On Thu, Oct 20, 2022 at 10:16:20AM -0700, Nathan Chancellor wrote:
> On Thu, Oct 20, 2022 at 11:28:16AM -0400, Rik van Riel wrote:
> > On Thu, 2022-10-20 at 13:07 +0800, Huang, Ying wrote:
> > > 
> > > Nathan Chancellor <nathan@kernel.org> writes:
> > > > 
> > > > For what it's worth, I just bisected a massive and visible
> > > > performance
> > > > regression on my Threadripper 3990X workstation to commit
> > > > f35b5d7d676e
> > > > ("mm: align larger anonymous mappings on THP boundaries"), which
> > > > seems
> > > > directly related to this report/analysis.

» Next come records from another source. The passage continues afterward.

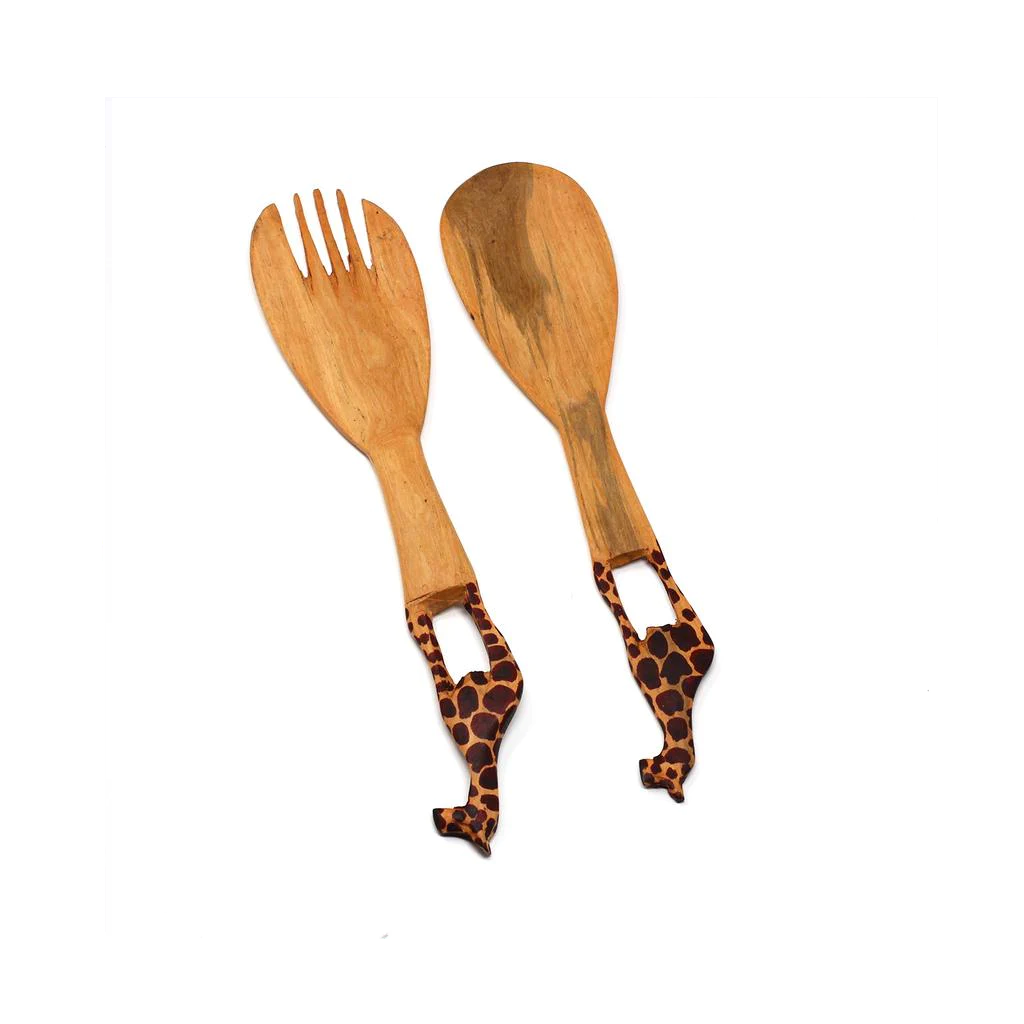Artfully carved from a single piece of renewable mhugu wood using simple hand tools, this rustic pair of wooden salad servers showcase the talents of the Kenyan artisans in designing an animal silhouette in the handle. Each piece is approximately 11 to 12-inches in length.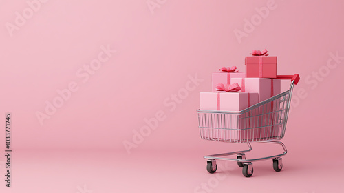 A shopping cart filled with pink and red gift boxes on a soft pink background, perfect for celebrating special occasions and festive moments.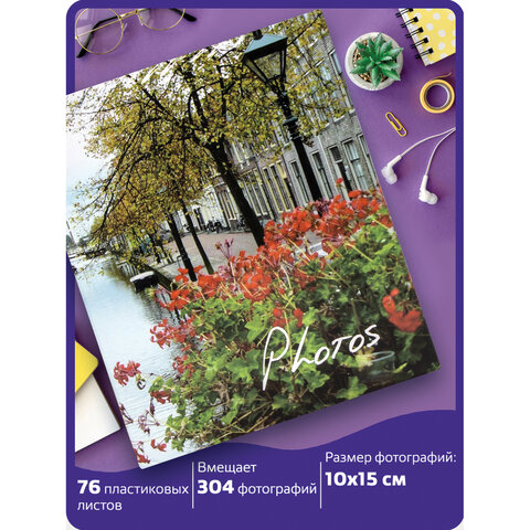 Фотоальбом BRAUBERG "Променад" на 304 фото 10х15 м, твердая обложка, термосклейка, 391168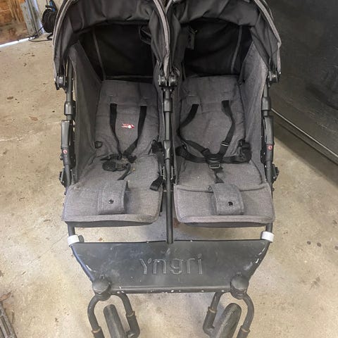 Kjempefin tvilling vogn.Stor gode hjul.Følger med en bag til baby og regntrekk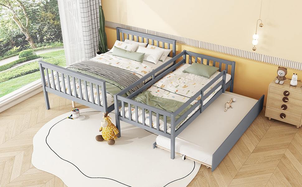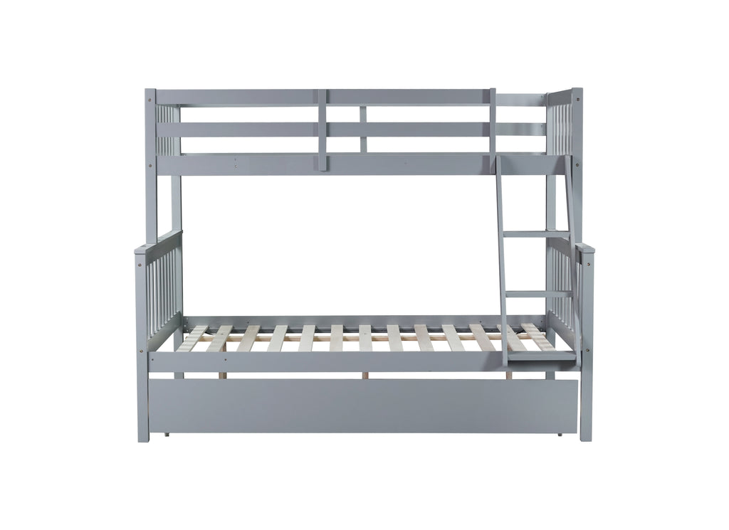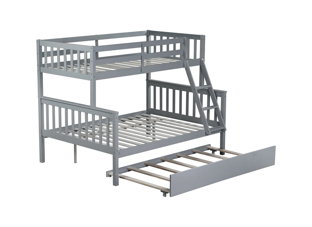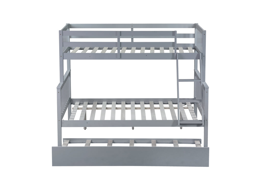 Maximize space and versatility with our Grey Twin Over Full Bunk Bed, crafted from durable rubber wood and featuring a convenient pull-out trundle for guests. This detachable design offers two separate beds or a bunk, adapting seamlessly to your evolving needs. Engineered for safety with strong guardrails and a reversible ladder, it's the perfect stylish and secure solution for any bedroom.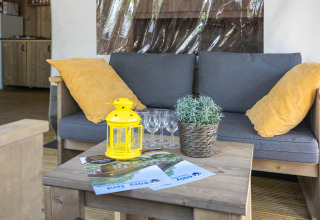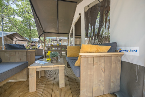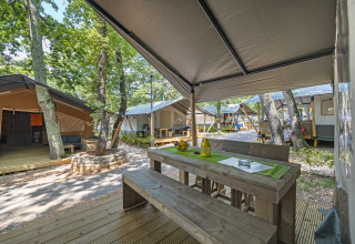 Draußen genießt du eine großzügige, überdachte Holzveranda mit Loungeset – der ideale Ort, um draußen zu entspannen. Durch das aufrollbare Zeltstoff verbindest du ganz einfach den Innen- mit dem Außenbereich und schaffst zusätzlichen Wohnraum. Hier erlebst du das Beste vom Glamping: komfortables Wohnen mitten in der Natur mit allen Annehmlichkeiten in Reichweite.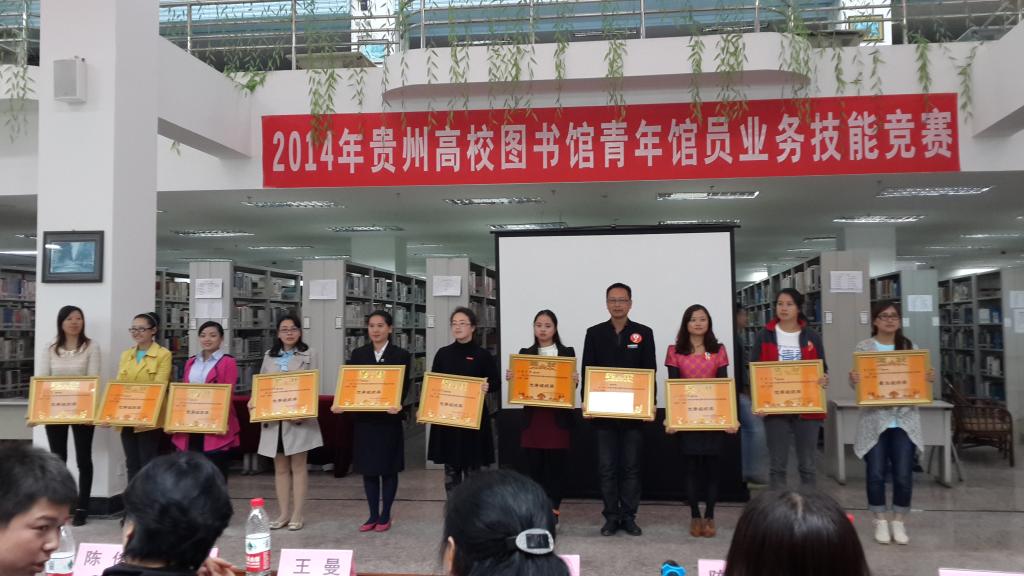 2014年10月15日,“2014年贵州省高校图书馆青年馆员论坛”活动在贵州财经大学图书馆举行。本次活动由贵州省高等学校图书馆工作指导委员会主办,贵州师范大学图书馆承办,贵州财经大学图书馆协办,活动主题为“青春飞扬@圕·青年馆员职业素养与服务水平提升”。活动分为四个版块:业务知识竞答;业务技能操作比赛;主题演讲、才艺表演;图书馆服务情景模拟剧表演。此次活动有贵州师范大学图书馆、贵州财经大学图书馆、遵义师范学院图书馆等17所高校图书馆组队参加,各队队员通过激烈的竞技,从多角度展现了各高校图书馆青年馆员的精神风貌、职业精神和业务素养。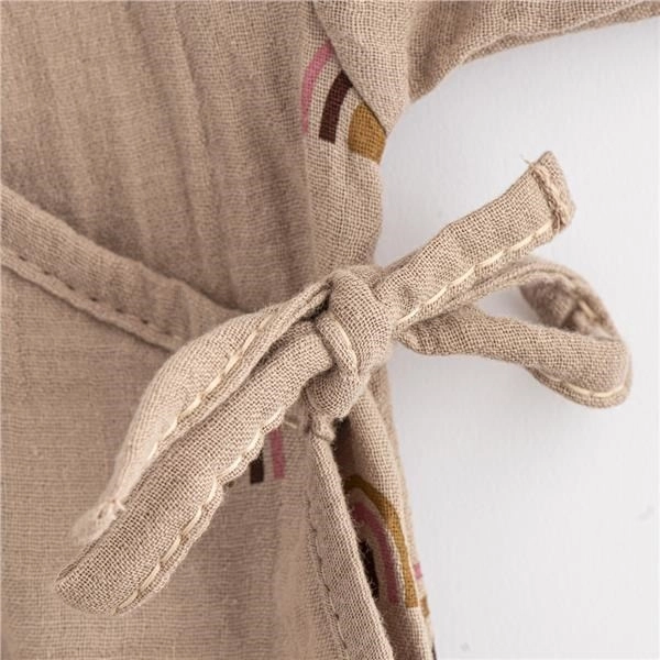 Praktický zavinovací střih s vázáním na boku umožňuje obléknout miminko bez zbytečného přetahování přes hlavičku. Spodní zapínání na cvočky zase zjednodušuje přebalování. Mušelín z čisté bavlny je navíc odolný vůči častému praní a časem ještě více měkne, takže si ho rychle zamilujete.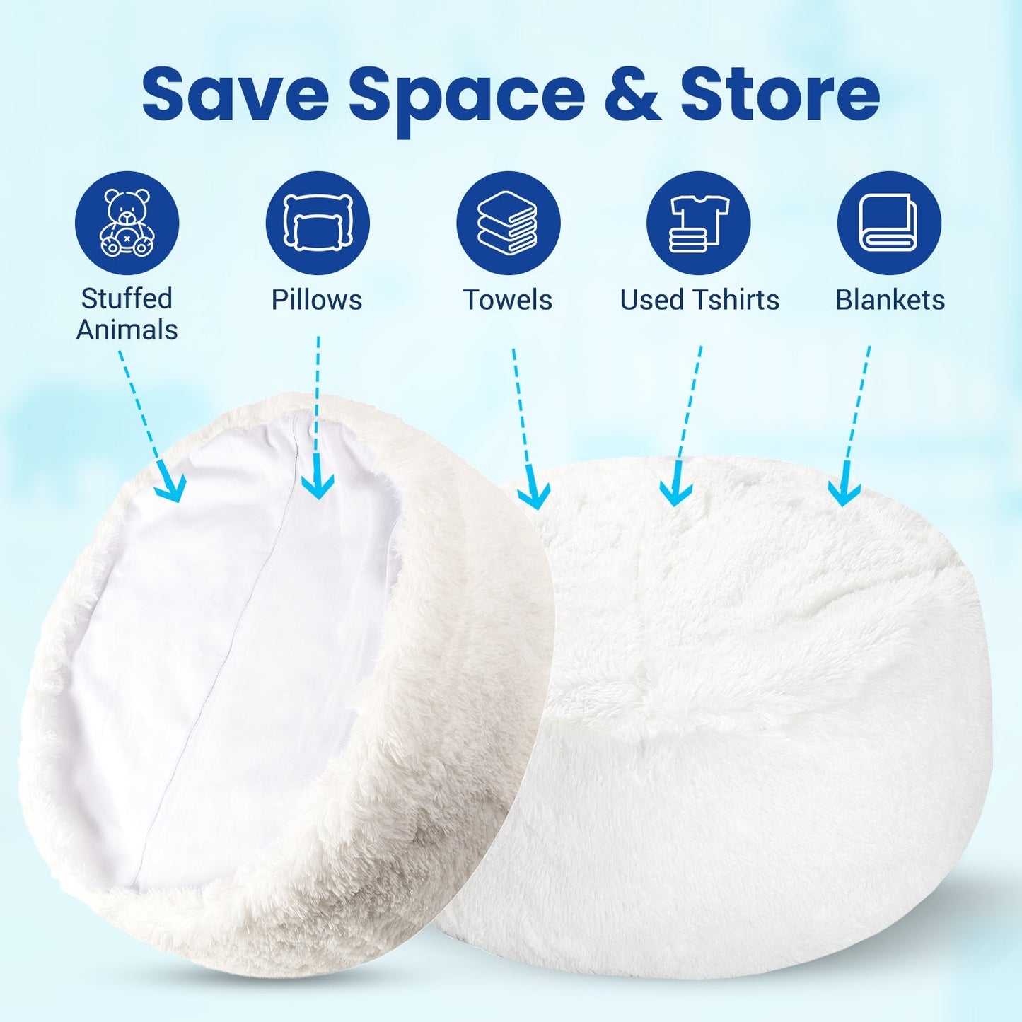 • Brighten Up Your Decor: The stuffed animal organizer beanbag chair uses vibrant and eye catching colors which coupled with the fluffy fur create a unique and charming combination that will add a playful and comforting touch to the look of any child’s room decor

I initially noticed this
> > > > because my full set of kernel builds against mainline went from 2
> > > > hours
> > > > and 20 minutes or so to over 3 hours. Zeroing in on x86_64
> > > > allmodconfig,
> > > > which I used for the bisect:
> > > > 
> > > > @ 7b5a0b664ebe ("mm/page_ext: remove unused variable in
> > > > offline_page_ext"):
> > > > 
> > > > Benchmark 1: make -skj128 LLVM=1 allmodconfig all
> > > >   Time (mean ± σ):     318.172 s ±  0.730 s    [User: 31750.902 s,
> > > > System: 4564.246 s]
> > > >   Range (min … max):   317.332 s … 318.662 s    3 runs
> > > > 
> > > > @ f35b5d7d676e ("mm: align larger anonymous mappings on THP
> > > > boundaries"):
> > > > 
> > > > Benchmark 1: make -skj128 LLVM=1 allmodconfig all
> > > >   Time (mean ± σ):     406.688 s ±  0.676 s    [User: 31819.526 s,
> > System: 16327.022 s]
> > > >   Range (min … max):   405.954 s … 407.284 s    3 run
> > > 
> > > Have you tried to build with gcc?  Want to check whether is this
> > > clang
> > > specific issue or not.
> > 
> > This may indeed be something LLVM specific. In previous tests,
> > GCC has generally seen a benefit from increased THP usage.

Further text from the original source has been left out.